Shanghai's traditional department stores re-strategize their customer services

Updated 2017-08-01 10:31:56 Global Times
The building of Shanghai No.1 Department Store closed for 'face-lift'

The building of Shanghai No.1 Department Store closed for 'face-lift'

Following the closure of Shanghai No.1 Department Store in June for refurbishment, another State-owned department store in Shanghai, the Orient Shopping Center, is to close in mid-August for the same reason. The renovation plans aim to modernize the old stores to attract more consumers of different ages. Experts say that the modernization of retail would also need to involve the combination of online and offline businesses to better optimize consumer experiences.

An increasing number of State-owned department stores have been temporarily closing across Shanghai as part of a retail renovation strategy to modernize and boost the consumer experience.

About one month ago, the famous 81-year-old State-owned Shanghai No.1 Department Store closed for redevelopment.

Its neighbor, the 20-year-old Orient Shopping Center located on East Nanjing Road near Shanghai's landmark People's Square, is another leading State-owned department store which is scheduled to close on August 14 for a major refurbishment.

It is the latest move that traditional department stores are seeking in order to adapt to the rapid growth of online retailers in Shanghai.

Modern retailers are facing the problem of brand homogenization, but traditional department stores face different problems such as rising labor and rent costs as well as deficiency to appeal to the younger generation who are generally attracted to more innovated and contemporary modes of retail, experts noted.

For instance, the Pacific Department Store, which is managed under the Taiwan-headquartered Far Eastern Group, closed its prime Huaihai Road store in Shanghai in 2016 due to fierce competition posed by online retailers and the emergence of modern shopping malls, according to media reports.

Under these challenging situations, a batch of Shanghai's earliest, traditional department stores on Nanjing and Huaihai roads started closing their doors from 2017 for major renovations and to adjust their business operations to meet changing demand from consumers, according to a post on the official website of the Shanghai government's press center in November 2016.

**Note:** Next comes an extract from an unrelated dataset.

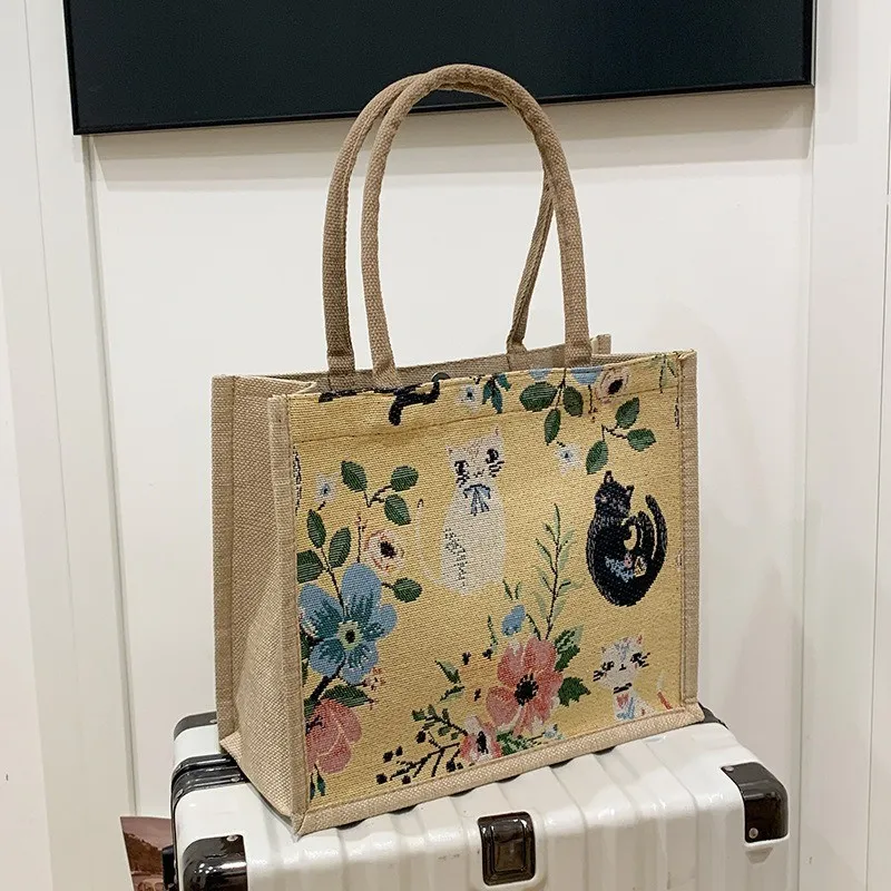 衣都精品- 新款時尚百搭刺繡可愛貓咪手提大容量托特包

Shanghai's online retail sales increased 17.9 percent year-on-year in the first half of 2017, accounting for 13.7 percent of the total retail consumption, according to data Shanghai Bureau of Statistics released on July 18. The online retail sales' proportion of total retail consumption in Shanghai increased by 2.3 percentage points year-on-year in the first half of 2017.

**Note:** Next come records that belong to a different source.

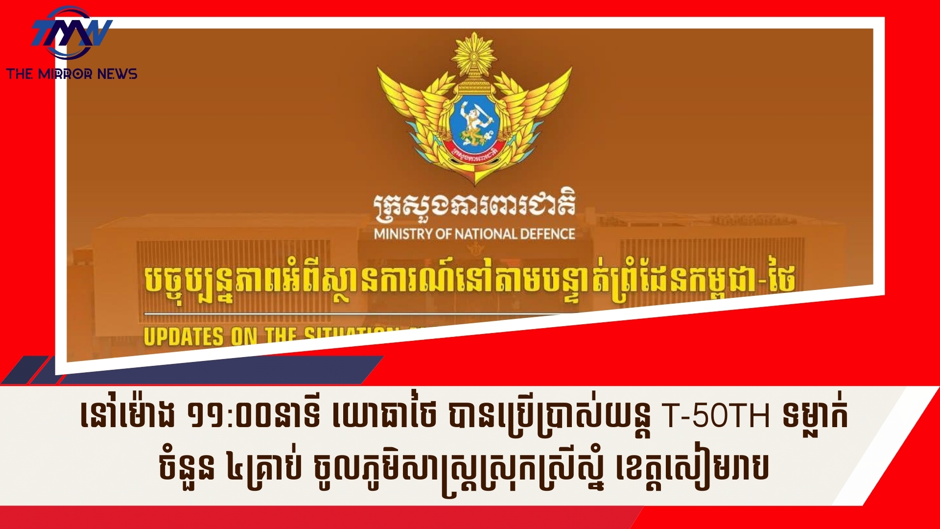 នៅម៉ោង ១១:០០នាទី យោធាថៃ បានប្រើប្រាស់យន្ត T-50TH ទម្លាក់ចំនួន ៤គ្រាប់ ចូលភូមិសាស្ត្រស្រុកស្រីស្នំ ខេត្តសៀមរាប
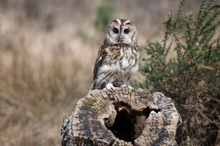 A tawny owl portrait as it is perched on an old tree stump. It is staring forward
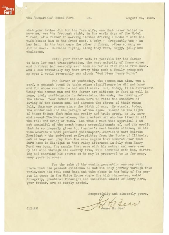 In his letter to Edsel Ford, James H. Bear praised Henry Ford and wrote of the freedom that the Model T provided, especially to rural families. Bear, like many people, saw Henry Ford as a visionary and leader with ideal characteristics needed to be successful in future generations.

Lure youngsters, retain seniors

The two first-mentioned State-owned stores will be merged into a new business center with skywalks and will re-open at the end of 2017 after renovation is completed to better meet the needs of Internet-era consumers, according to Bailian Group, owner of the two stores.

Shanghai-based Bailian Group is the largest State-owned retail group in the country, and it has 4,700 outlets scattered across more than 200 cities.

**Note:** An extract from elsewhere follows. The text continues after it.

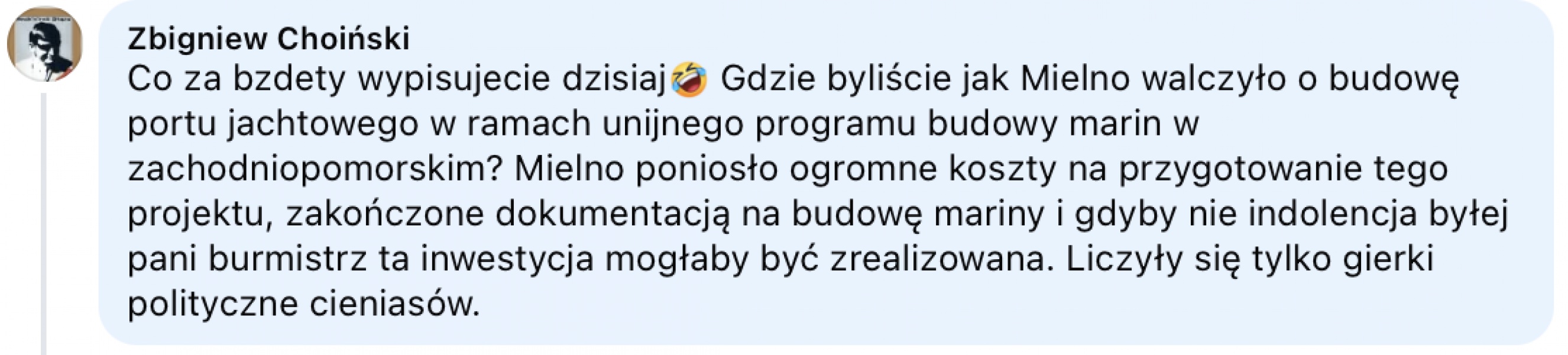 a następnie opublikował post: „Tak było z pierwszą próbą budowy portu w Unieściu. Potem już nigdy nie było tak dobrych warunków finansowania”. Do wpisu dołączył archiwalny artykuł „Głosu Koszalińskiego” z listopada 2004 roku, przypominając jedną z najważniejszych, a zarazem najbardziej kontrowersyjnych inwestycyjnych debat sprzed lat.
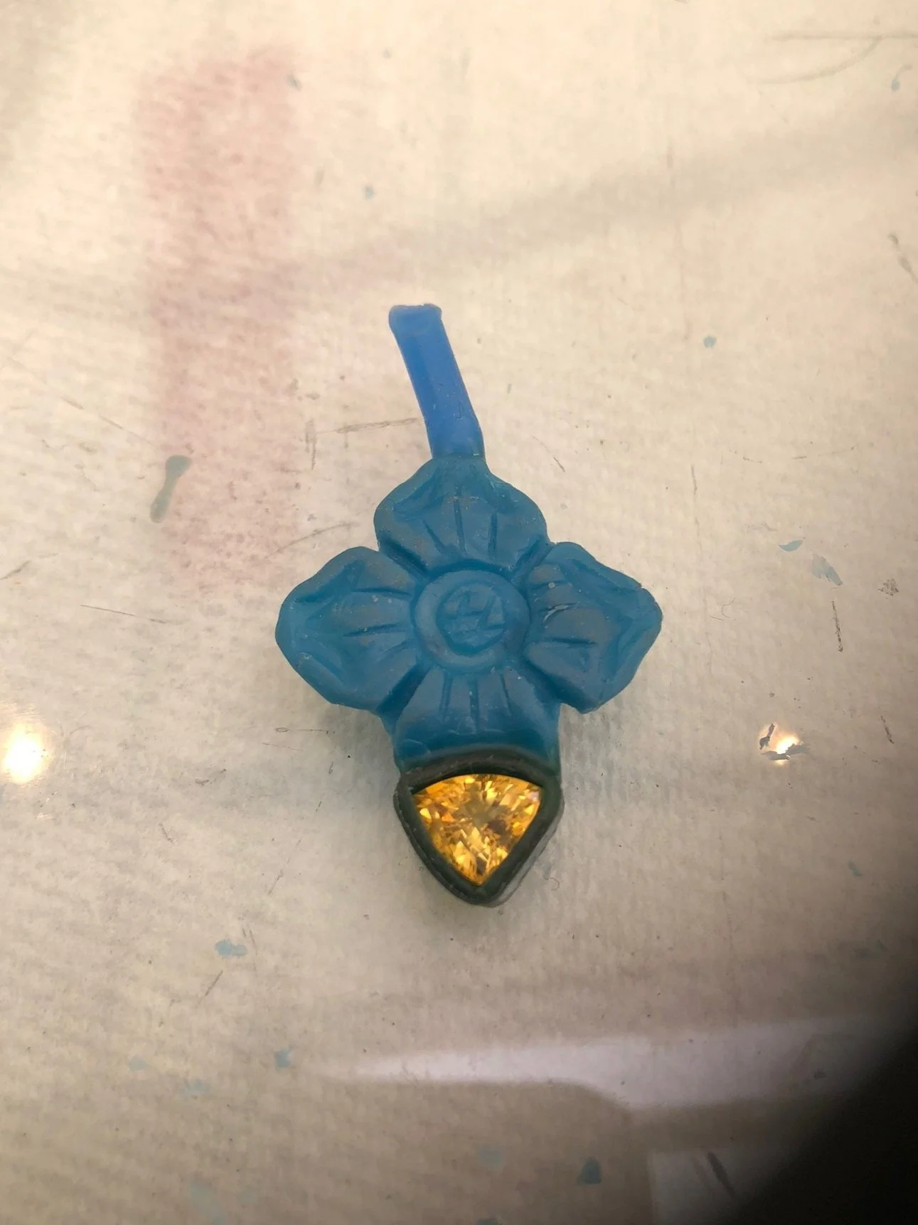 We cut off the sprues and grind down the leftover nub. Take care of any imperfections with a medium grit wheel on a flex shaft. Do a series of polishing and possibly add an oxidation or jump ring that the piece needs. It gets a final polish and is ready to wear when that is all finished!

Throughout the past, middle-aged and senior consumers accounted for a major proportion of the traditional department stores' consumers.

After renovation, "we hope to build a new business center which could attract younger consumers," Eric Zhao, board secretary and senior director of the strategic planning and intelligence center of Bailian Group, told the Global Times on Thursday.

For example, Bailian plans to introduce the concept of "erciyuan" (two dimensional space) - a term served as a stand-in for 2D animation related to anime, comics, games and novels - to the new business center to better meet young consumers' needs.

A 29-year-old local Shanghai resident surnamed Xie agreed that many State-owned department stores have a long history with outmoded decorations. "It would be beneficial for them to introduce more fashionable and newer brands," Xie told the Global Times on Thursday.

Wang Danqing, a partner with Beijing-based ACG Management Consultancy, said that it is crucial for retailers to win over young consumers because they will be the major consumer group in the near future.